La vie en prison est un mystère. À la faveur de trois ateliers d’éducation aux médias, plusieurs détenus de la maison d’arrêt de Tours ont décrit avec leurs mots le détail de leur quotidien. Entre le stress de la découverte et l’attente de la libération. Plongée dans un monde inconnu.

Il est 10 heures. La bibliothèque de la maison d’arrêt de Tours (Indre-et-Loire), dans le quartier Febvotte-Marat, résonne d’une conversation animée. Autour d’une grande table, installée dans la salle de lecture, les détenus, encadrés par deux journalistes représentant l’École publique de journalisme de Tours (EPJT), participent à une activité d’éducation aux médias. Une initiative du Service pénitentiaire d’insertion et de probation (SPIP), qui délègue à la Ligue de l’enseignement la programmation et la coordination des activités socioculturelles (*). Au programme : le récit à plusieurs voix des temps les plus forts d’une période d’incarcération.

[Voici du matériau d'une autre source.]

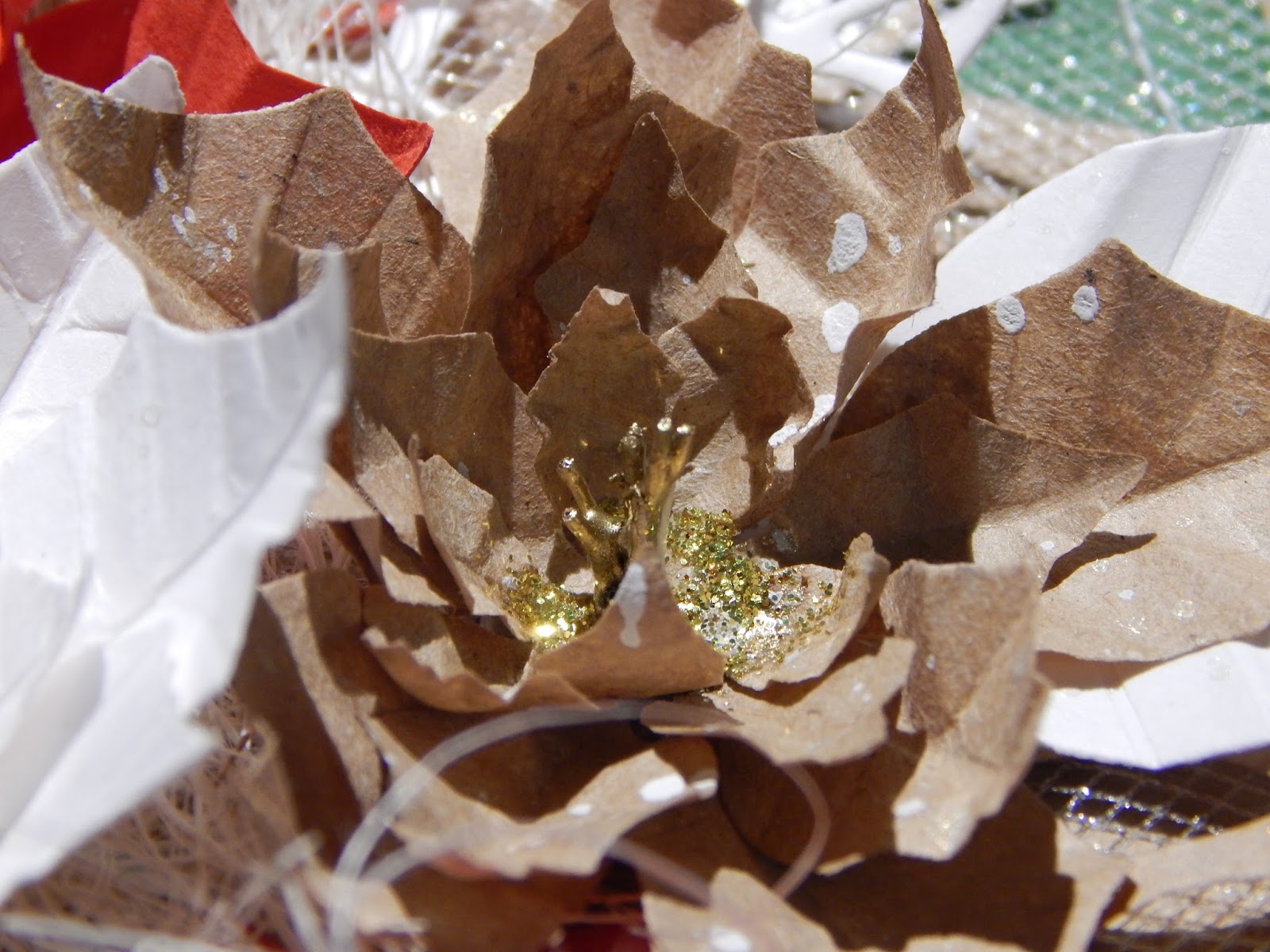 ОЭ - три цветка пуансетии (традиционный новогодний цветок) и золото (блестки и брызги краски)

Ils ont retenu huit moments : la découverte du quartier « arrivants » ; la vie en cellule ; les premières « cantines » (c’est ainsi qu’on appelle le système officiel de ravitaillement individuel) ; la promenade ; le recours à l’unité sanitaire ; les repas ; les activités sportives et culturelles et la fin de peine.
« La maison d’arrêt fonctionne comme une micro-société, presque en autonomie, insiste un détenu. Chacun a son rôle pour faire vivre l’établissement. Les jours se suivent et se ressemblent. Une forme de routine s’installe. En attendant la libération. »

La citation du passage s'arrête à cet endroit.